**EXERCISE DATA**
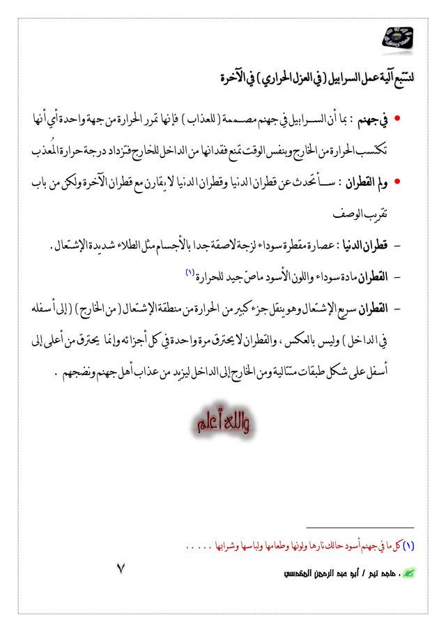 - القطران سريع الإشتعال وهو ينقل جزء كبير من الحرارة من منطقة الإشتعال ( من الخارج ) ( إلى أسفله في الداخل ) وليس بالعكس ، والقطران لا يحترق مرة واحدة في كل أجزائه وإنما يحترق من أعلى إلى أسفل على شكل طبقات متتالية ومن الخارج إلى الداخل ليزيد من عذاب أهل جهنم ونضجهم .
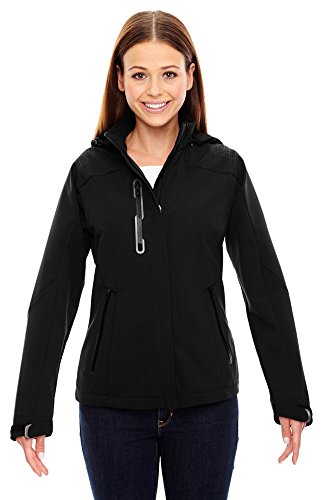 Binding : Apparel Product Description 8,000 mm waterproofness/800 g breathability ?; 3-layer performance stretch soft shell; 95% polyester/5% spandex with 100% polyester, 9 oz./yd2/305 gsm; warmth attributes::; inside placket with storm flap; brushed tricot-lined collar and pockets; thermal retention shockcord at hood and hem; laser cut and welded chest pocket and lower pocket ; rigid peak zip-off hood with adjustable back tab; embossed print at shoulders and hip side panels; underarm vents; shockcord at hem with access through front pockets; 0
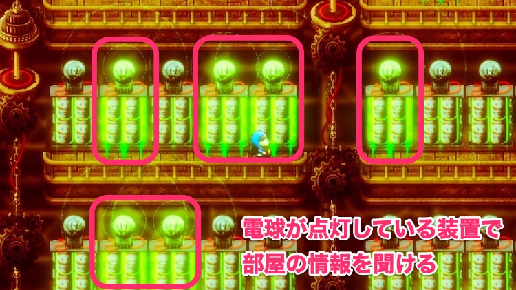 上部の電球が点灯している装置に組み込まれている電池から、ランダムに「部屋番号とその部屋の種類」を教えてもらえる。
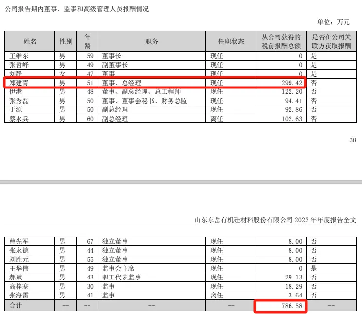2023年,郑建青在东岳硅材获得的年薪为299.42万元,不仅远超其他董监高的年薪,而且占该年度董监高薪酬总额的38.07%。

**WHAT TO PRODUCE**
Please restate the whole listing exactly, without any of its pictures.

**OUTPUT OF THE TASK**
 - القطران سريع الإشتعال وهو ينقل جزء كبير من الحرارة من منطقة الإشتعال ( من الخارج ) ( إلى أسفله في الداخل ) وليس بالعكس ، والقطران لا يحترق مرة واحدة في كل أجزائه وإنما يحترق من أعلى إلى أسفل على شكل طبقات متتالية ومن الخارج إلى الداخل ليزيد من عذاب أهل جهنم ونضجهم .
 Binding : Apparel Product Description 8,000 mm waterproofness/800 g breathability ?; 3-layer performance stretch soft shell; 95% polyester/5% spandex with 100% polyester, 9 oz./yd2/305 gsm; warmth attributes::; inside placket with storm flap; brushed tricot-lined collar and pockets; thermal retention shockcord at hood and hem; laser cut and welded chest pocket and lower pocket ; rigid peak zip-off hood with adjustable back tab; embossed print at shoulders and hip side panels; underarm vents; shockcord at hem with access through front pockets; 0
 上部の電球が点灯している装置に組み込まれている電池から、ランダムに「部屋番号とその部屋の種類」を教えてもらえる。
2023年,郑建青在东岳硅材获得的年薪为299.42万元,不仅远超其他董监高的年薪,而且占该年度董监高薪酬总额的38.07%。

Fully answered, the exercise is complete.